Hi have used some code from an answer to a question 'How do I delete duplicates between two excel sheets quickly vba' and tried to alter this code to suite my own VBA script. the code does delete rows the same amount as to what is in the array but it is just deleting the first 11 rows. I am fairly new to VBA and not completely understanding why it is doing this. Below is a copy of the script I am using.

    Dim overLayWB As Workbook       'Overlay_workbook
    Dim formattedWB As Workbook     'Formatted_workbook
    Dim formattedWS As Worksheet    'Current active worksheet (Formatted)
    Dim overLayWS As Worksheet      'Worksheet in OverLay
    Dim lastRowFormatted As Long
    Dim lastRowOverLay As Long

    Dim targetArray, searchArray
    Dim targetRange As Range
    Dim x As Long

    'Update these 4 lines if your target and search ranges change
    Dim TargetSheetName As String: TargetSheetName = "Formatted"
    Dim TargetSheetColumn As String: TargetSheetColumn = "G22"
    Dim SearchSheetName As String: SearchSheetName = "Overlay"
    Dim SearchSheetColumn As String: SearchSheetColumn = "G22"

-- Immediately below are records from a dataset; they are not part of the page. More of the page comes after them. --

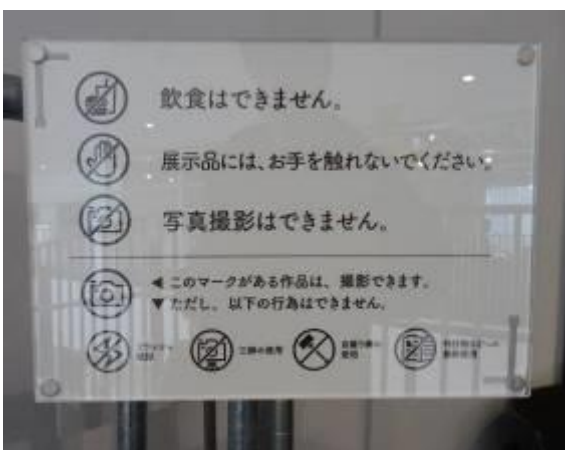
飲食・撮影注意サイン
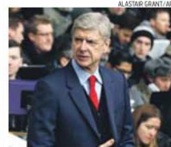
Wenger já ganhou cinco Taças de Inglaterra

→ Reading-Arsenal (hoje) e Liverpool-Aston Villa (amanhã) são os jogos das meias-finais da Taça
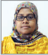
Zmugbv bwn` mnKrix Aa`cK
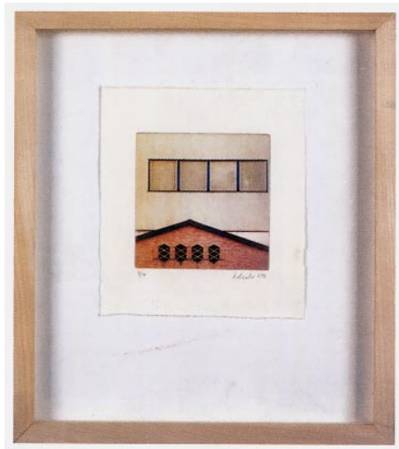
"Südzucker", 1998, Heliogravüre, 3-farbig, 15 x 15 cm

Die Anwendung des gleichen Prinzips in der Umkehrung kann man in der neuerlichen Unternehmung von Alois Achatz sehen, Kuben, große "naturrostige" Stahlwürfel in der Landschaft zu platzieren, sie so kontrastierend zu akzentuieren. Der Anwendungsmöglichkeiten dieses Gegensatzprinzips sind viele - es läuft auf die gleiche Melodie hinaus: hier die anschauungsfreudige Dinglichkeit, dort die "anatomische" (das heißt wörtlich "aufgeschnittene" also präparierte) Kühle, Leben und Geometrie, oder, wenn man so weit denken will, Daseinslust und memento mori.

    'open Overlay workbook
    Set overLayWB = Workbooks.Open("C:\Documents\Templates\Overlaye.xls") 'Path for workbook Overlay to copy from
    Set formattedWS = Workbooks("Formatted").Sheets("DLT Formatted")
    Set overLayWS = Workbooks("Overlay").Sheets("Overlay")
    Set formattedWB = ThisWorkbook

 'Load target array
    With formattedWS
        Set targetRange = .Range(.Range(TargetSheetColumn & "7"), _
                .Range(TargetSheetColumn & Rows.Count).End(xlUp))
        targetArray = targetRange
    End With

 'Load Search Array
    With overLayWS
        searchArray = .Range(.Range(SearchSheetColumn & "7"), _
                .Range(SearchSheetColumn & Rows.Count).End(xlUp))
    End With


    Dim dict As Object
    Set dict = CreateObject("Scripting.Dictionary")
    'Populate dictionary from search array
    If IsArray(searchArray) Then
        For x = 1 To UBound(searchArray)
            If Not dict.exists(searchArray(x, 1)) Then
                dict.add searchArray(x, 1), 1
            End If
        Next
    Else
        If Not dict.exists(searchArray) Then
            dict.add searchArray, 1
        End If
    End If

    'Delete rows with values found in dictionary
    If IsArray(targetArray) Then
        'Step backwards to avoid deleting the wrong rows.
        For x = UBound(targetArray) To 1 Step -1
            If dict.exists(targetArray(x, 1)) Then
                targetRange.Cells(x).EntireRow.Delete
            End If
        Next
    Else
        If dict.exists(targetArray) Then
            targetRange.EntireRow.Delete
        End If
    End If

Can anyone help me with this it would be much appreicated, I have not altered the scripting correctly, or is it missing something?

2条回答
贪生不怕死
2楼-- · 2019-08-30 22:48

This looks off:

With formattedWS
    Set targetRange = .Range(.Range(TargetSheetColumn & "7"), _
            .Range(TargetSheetColumn & Rows.Count).End(xlUp))
    targetArray = targetRange
End With

with your supplied values it translates to:

With formattedWS
    Set targetRange = .Range(.Range("G227"), _
            .Range("G221048576").End(xlUp))
    targetArray = targetRange
End With 

I don't think that's what you intended and should throw an error.

查看更多
狗以群分
3楼-- · 2019-08-30 22:51

It seems to have become almost received wisdom on this site that the task of deleting rows is best achieved by looping through a Range from bottom to top and deleting each individual row whenever criteria are met. Yet this is really quite an inefficient method. Compare these two snippets, for example:

Dim r As Long
Dim clock As cTimer

Set clock = New cTimer

clock.StartCounter
Application.ScreenUpdating = False
For r = 1 To 10000
    Sheet1.Cells(1, 1).EntireRow.Delete
Next
Application.ScreenUpdating = True
Debug.Print "Row by row:"; clock.TimeElapsed; "ms"

clock.StartCounter
Application.ScreenUpdating = False
Sheet1.Range("A1:A10000").EntireRow.Delete
Application.ScreenUpdating = True
Debug.Print "Range:"; clock.TimeElapsed; "ms"

Output is as follows:

Row by row: 2876.18174935641 ms

Range: 15.2153416146466 ms

These results aren't surprising as it's probably fair to generalise that the greater the number of individual interactions with a Worksheet, the slower the programme will be.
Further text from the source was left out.